Tidak ada yang tau bahwa jiwanya berganti menjadi Teresia saat siuman.

"Apa sekarang waktunya berpelukan?"

Suasana hangat ibu-anak itu diinterupsi suara yang datang dari lorong arah ke pintu utama. Saat menoleh, sosok berwajah cerminan Yerinsa mengenakan seragam sekolah menengah atas terlihat mendekat.

Yerinsa memperhatikan setelan itu cukup tertarik, kemeja putih lengan pendek dengan rok lipit kotak-kotak berwarna hijau lumut di atas lutut, dasi berwarna senada rok melilit kerah baju. Tote bag hitam tersampir di pundak kiri Gabriella dan sepatu hitam juga.

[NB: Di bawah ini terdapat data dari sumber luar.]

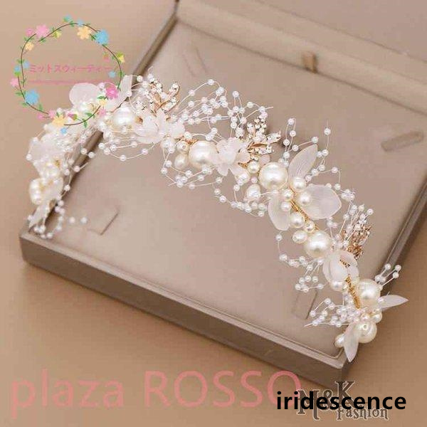 カチューシャ ティアラ ウエディング 髪飾り 花嫁 結婚式 ヘッドドレス ブライダル パーティー 二次会 ヘアアクセサリー パール ホワイト 花 発表会 披露宴

"Hey, ada apa dengan kapas dihidungmu?" tanya Gabriella begitu sudah dekat dengan ibu dan kembarannya di sofa itu.

"Yerin jatuh dari tangga," jawab Margareth pelan.

"Apa? Bagaimana bisa? Ibu sudah memanggil Dokter Damberrain? Yerin, kenapa kamu rawan sekali sial," cecar Gabriella cemas, menyentuh pipi Yerinsa untuk melihat lebih jelas pada hidung yang tersumbat tissue.

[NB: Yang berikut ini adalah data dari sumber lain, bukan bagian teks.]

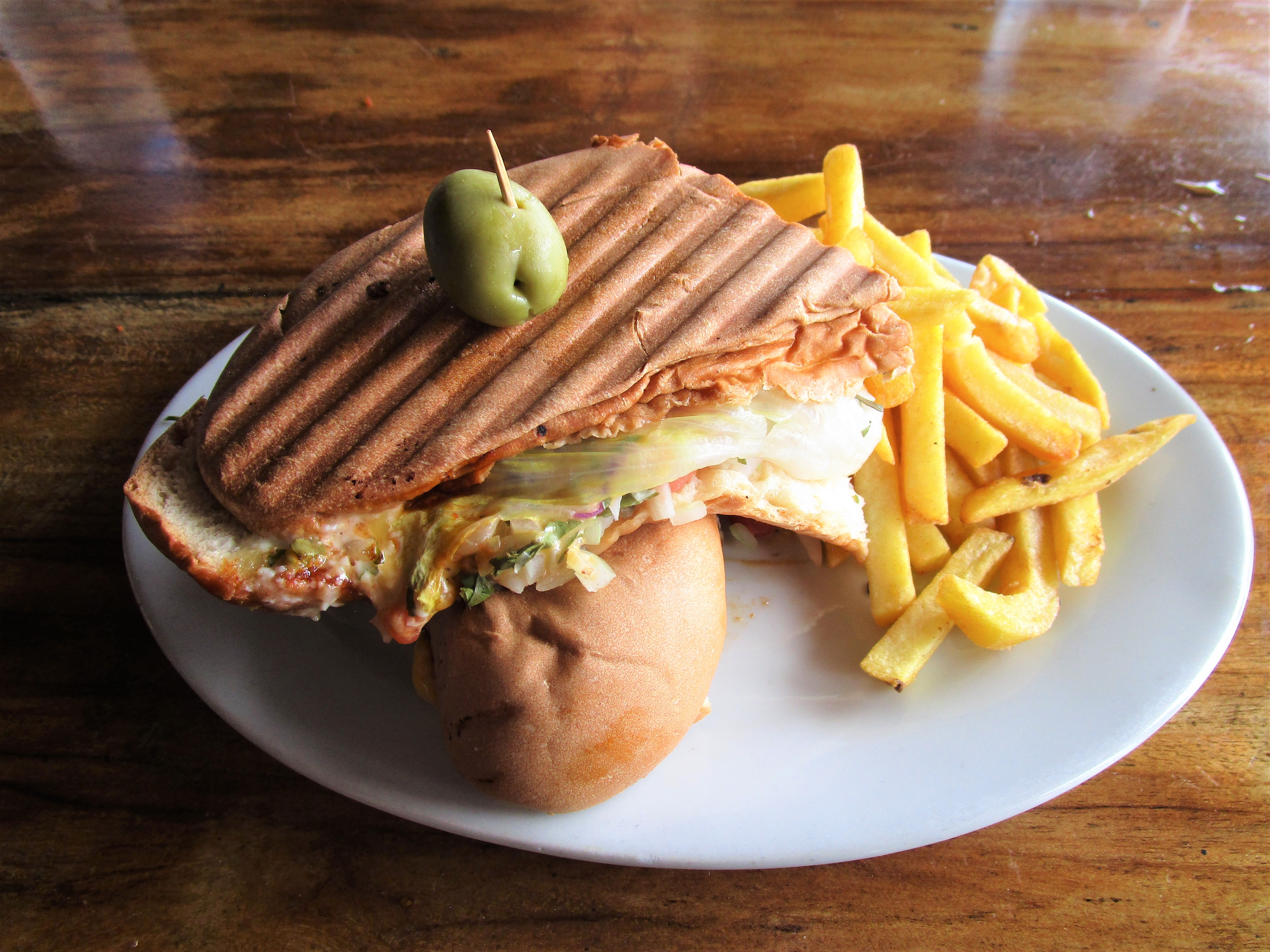 This is another “shotgun shack” styled building that is long and narrow with a nice deck out back to watch the water taxis zoom by. Good views and a little breeze draw locals for lunch as does the buffet with fried chicken, beans, potatoes, rice, cole slaw and cold drinks. You can also order off the menu if you prefer something different, like a sandwich, French fries (papas fritas), curry, or freshly made seafood.

"Aku baik-baik saja, ini hanya mimisan," kata Yerinsa cemberut dengan respon berlebihan Gabriella.

"Jangan kebiasaan meremehkan sesuatu, apalagi menyangkut dirimu. Kamu mau kupukul?" balas Gabriella gemas dengan ketenangan Yerinsa yang muncul sejak sembuh dari demam tinggi.

Yerinsa semakin cemberut, melepaskan wajah dari tangan Gabriella dan melesak ke pelukan sang ibu lagi. Melihat itu, Gabriella mencibir sebelum ikut duduk di sofa dan memeluk Margareth dari sisi berbeda.

"Gabby, ganti bajumu dulu, lalu makan," suruh Margareth dengan satu tangan mengusap lengan Gabriella yang memeluk juga.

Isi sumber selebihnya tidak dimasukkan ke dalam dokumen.